Background: Effectiveness of medical therapies in chronic pancreatitis has been described in small studies of selected patients. Aim: To describe frequency and perceived effectiveness of non-analgesic medical therapies in chronic pancreatitis patients evaluated at US referral centres. Methods: Using data on 516 chronic pancreatitis patients enrolled prospectively in the NAPS2 Study, we evaluated how often medical therapies [pancreatic enzyme replacement therapy (PERT), vitamins/antioxidants (AO), octreotide, coeliac plexus block (CPB)] were utilized and considered useful by physicians. Results: Oral PERT was commonly used (70%), more frequently in the presence of exocrine insufficiency (EI) (88% vs. 61%, P < 0.001) and pain (74% vs. 59%, P < 0.002). On multivariable analyses, predictors of PERT usage were EI (OR 5.14, 95% CI 2.87-9.18), constant (OR 3.42, 95% CI 1.93-6.04) or intermittent pain (OR 1.98, 95% CI 1.14-3.45). Efficacy of PERT was predicted only by EI (OR 2.16, 95% CI 1.36-3.42).
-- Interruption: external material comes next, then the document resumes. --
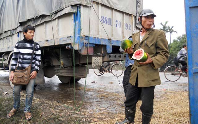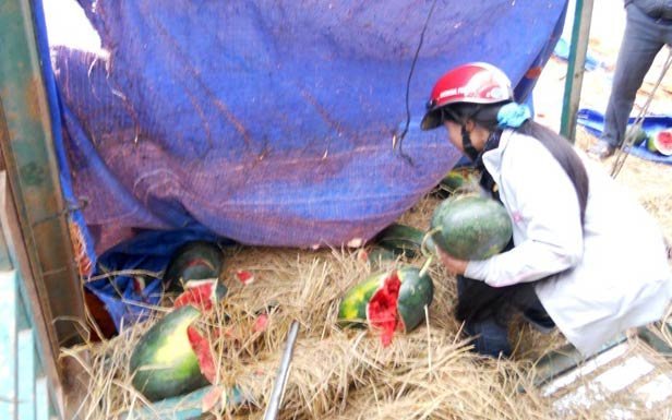 Sau tai nạn, người dân đã đổ xô đến nhặt dưa rơi vãi. Tài xế xe tải phải thuê người bốc số dưa từ xe mình bán cho một xe khác. Riêng tiền thuê bốc hàng hết 3,8 triệu.
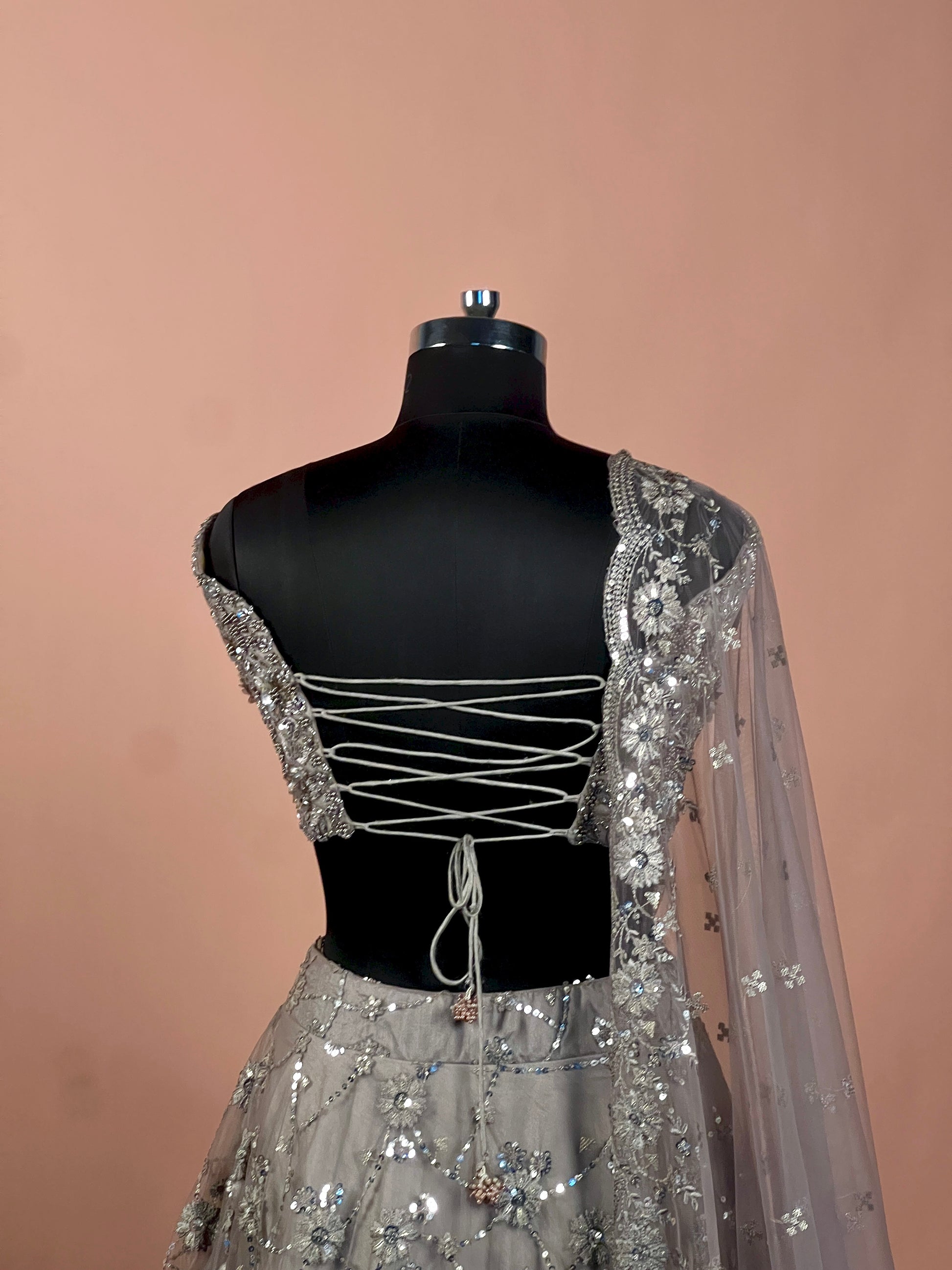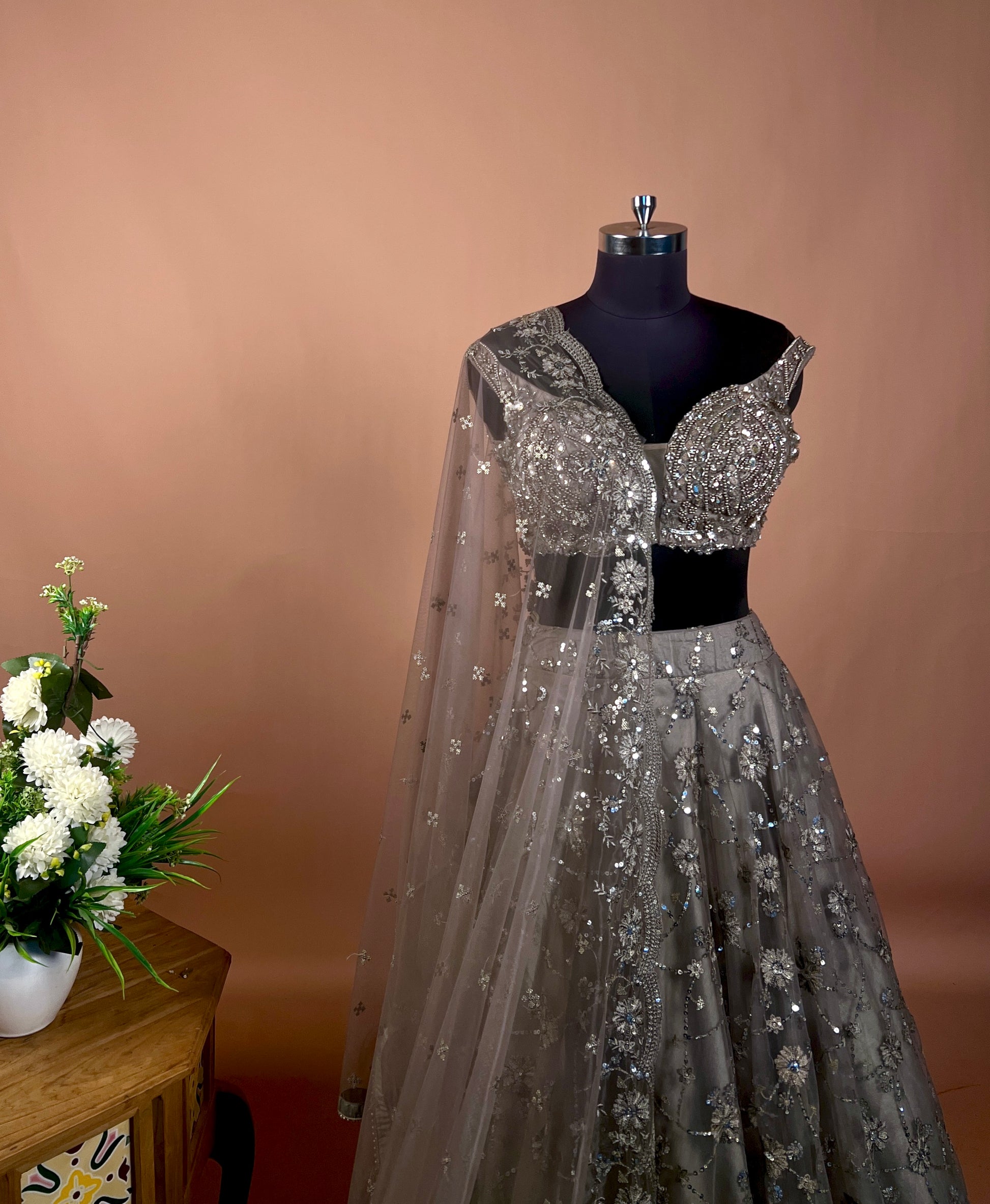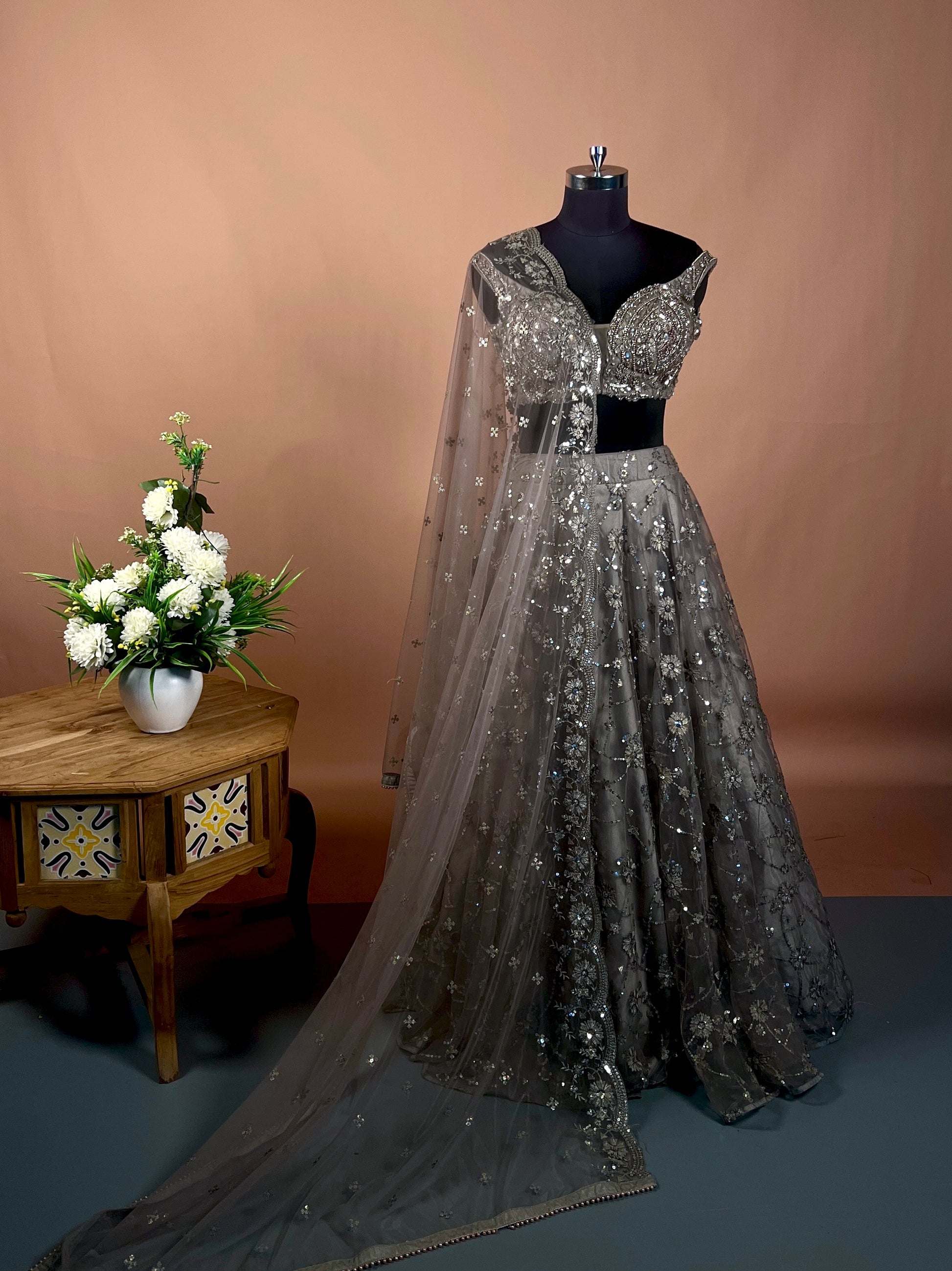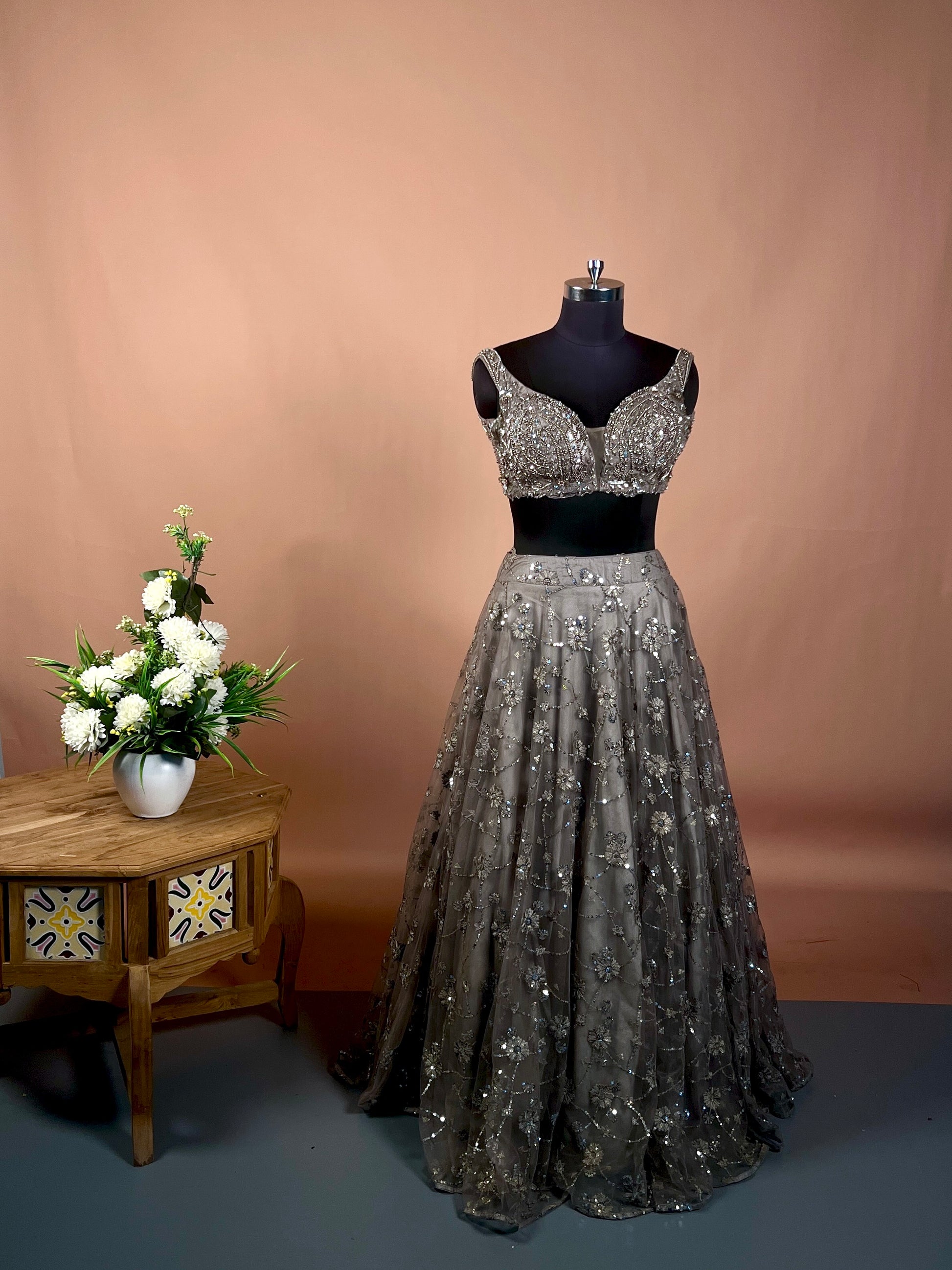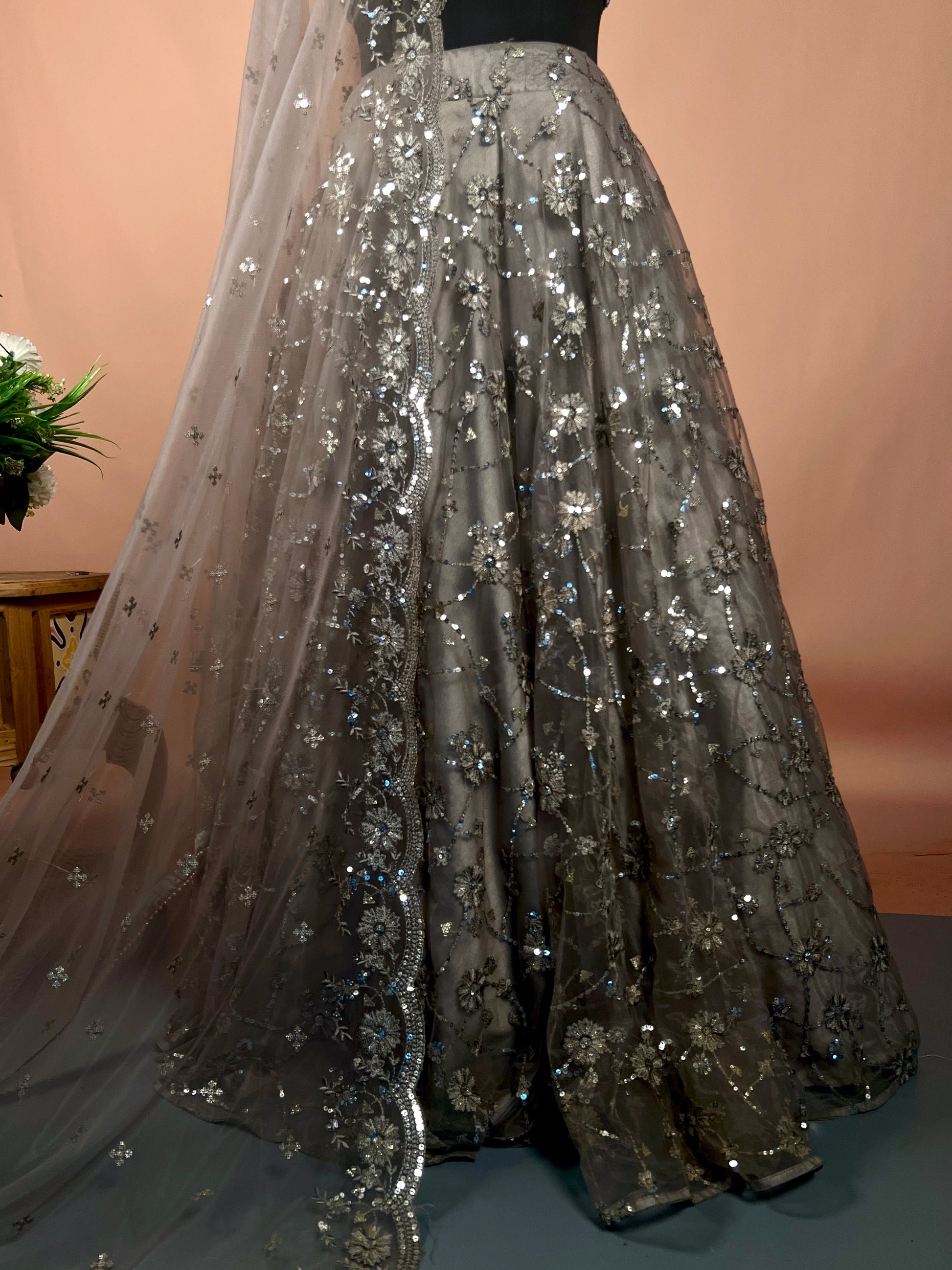 Charcoal Grey Sequin Embellished Net Lehenga Set

AO were tried less often (14%) and were more effective in idiopathic and obstructive vs. alcoholic chronic pancreatitis (25% vs. 4%, P = 0.03). Other therapies were infrequently used (CPB - 5%, octreotide - 7%) with efficacy generally <50%. Conclusions Pancreatic enzyme replacement therapy is commonly utilized, but is considered useful in only subsets of chronic pancreatitis patients. Other medical therapies are used infrequently and have limited efficacy.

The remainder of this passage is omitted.